Growing numbers of bright sixth-formers are dropping out of A-level courses because a government drive to cut the number of 16-year-olds leaving school has focused careers advice on low-achieving students, new research suggests.

The policy has succeeded in reducing the number of students "lost to the system" by encouraging more disaffected pupils to stay in education or training, the report by the National Foundation for Educational Research found.

But it has also led to higher numbers of brighter teen-agers choosing the wrong A-level courses and subsequently dropping out, according to the research, commissioned by the Government.

Schools and careers advisers have questioned whether the modest improvements were worth the effort, particularly when many bright pupils have suffered as a result.

"Careers advice has been focused on low achievers at the expense of students 'of average ability or the most able'," Marian Morris, Mark Rickinson and Deborah Davies of the foundation concluded after their three-month study of careers advice in schools.

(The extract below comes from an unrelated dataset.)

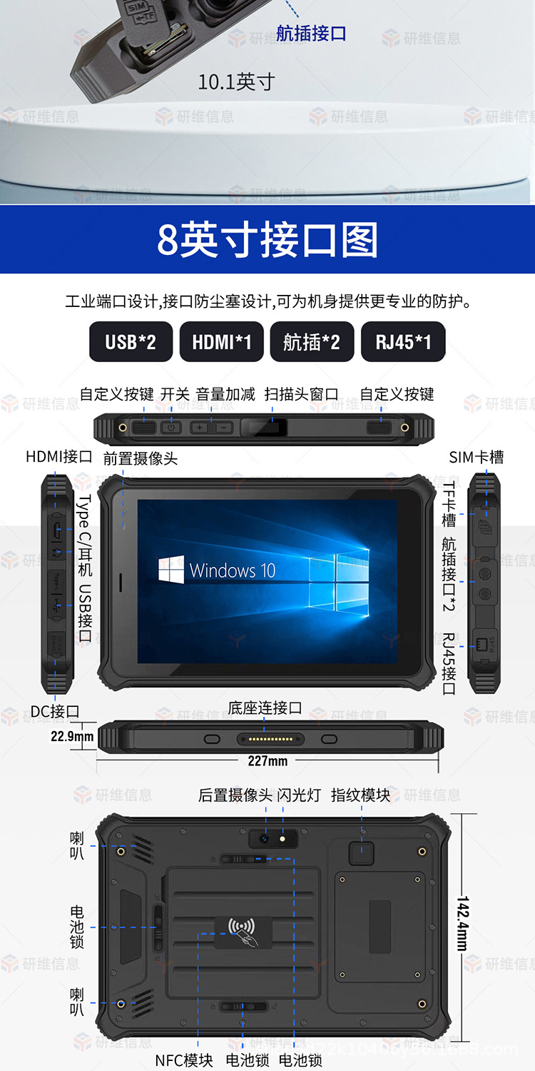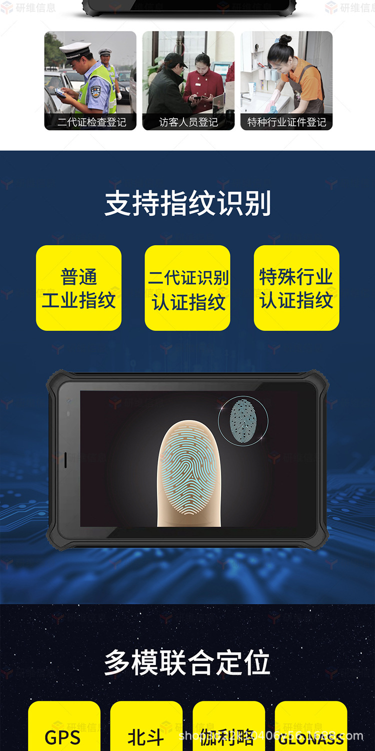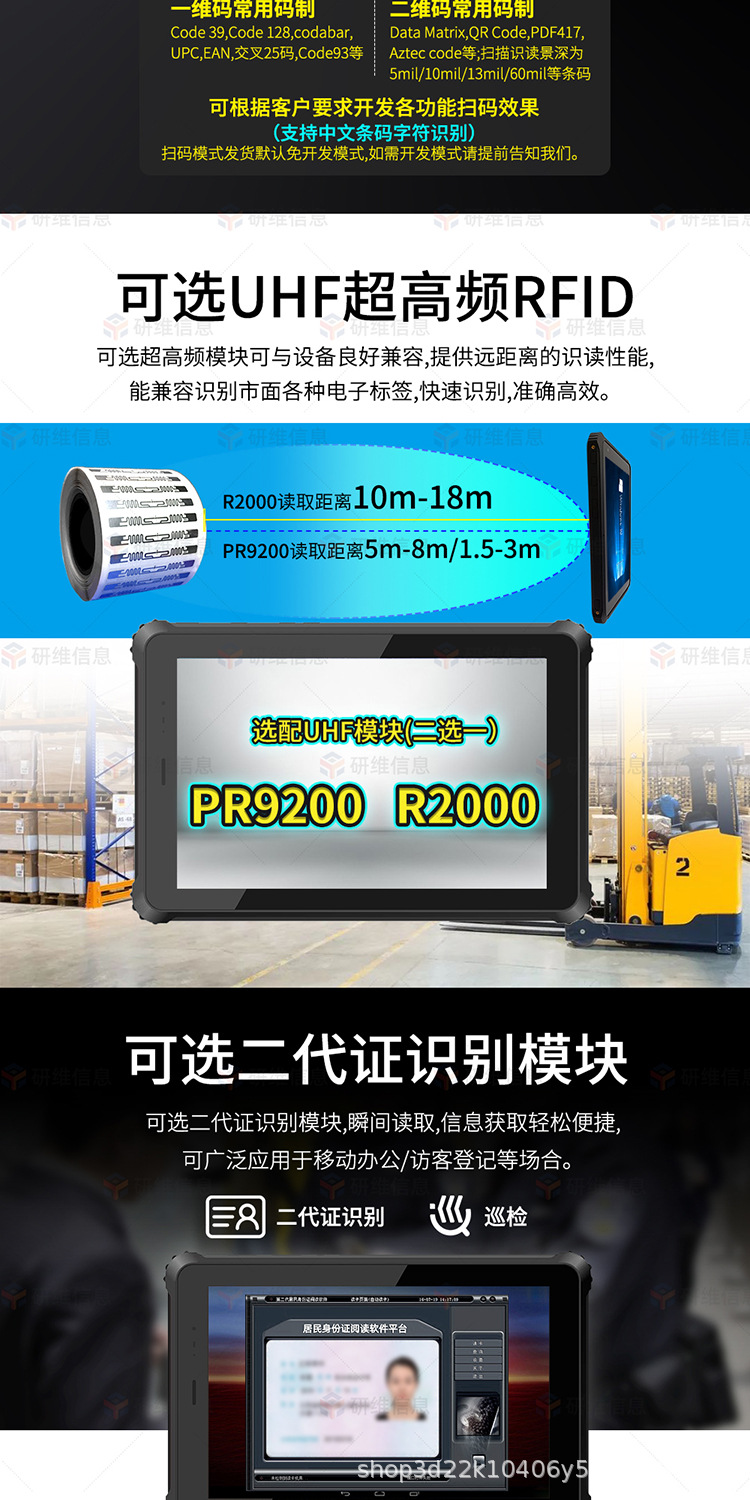 可选配功能 二维码扫描头、超高频UHF、二代离线身份证、指纹识别

There has been "a reported increase in drop-outs from post-16 academic courses, said to be partly the result of insufficient preparation in year 11 [students' GCSE year] for those outside the target group, with consequent poor decision making".

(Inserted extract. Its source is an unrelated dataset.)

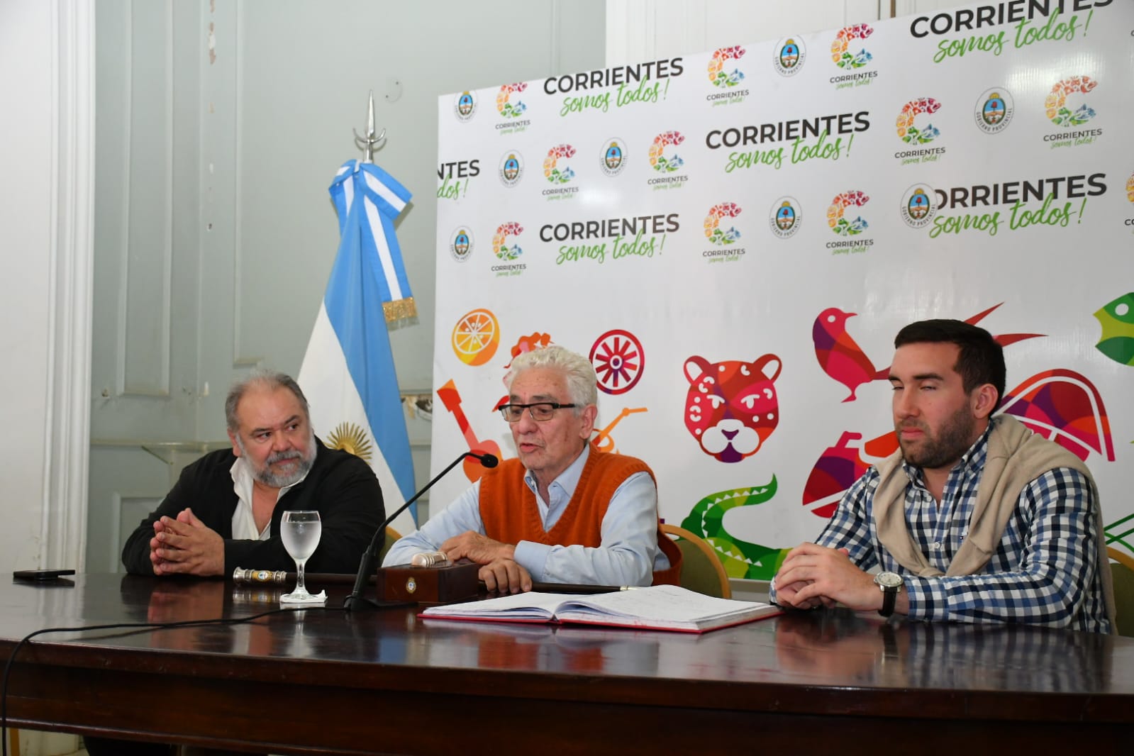 En horas del mediodía en el Salón Verde de Casa de Gobierno se llevó a cabo la conferencia de prensa encabezada por el orfebre argentino de prestigio internacional, Juan Carlos Pallarols, quien explicó los materiales de origen correntino que serán utilizados para la confección del Bastón Presidencial.

The report concluded that under the scheme "a great deal of careers advisers' time [is] spent tracking down young people who were 'hard-to-reach', with levels of success said generally not to be commensurate with the effort involved".

It added: "There was a feeling that success with the target group was often at the expense of other young people. Interviewees were concerned about the long-term cost of not meeting the 'career-learning needs of all young people'."

The policy, introduced in 1998, had led to a polarisation of careers advice in schools, the report found. Careers guidance was good in fewer than one in three schools, it concluded, with more than two- thirds showing "major deficits" in their ability to offer advice.

Leigh Henderson, of the National Advisory Council for Careers and Education Guidance, said careers advisers had always been concerned at the Government's policy. "Able students can be the hardest people to advise because they have more options than the less able," she said.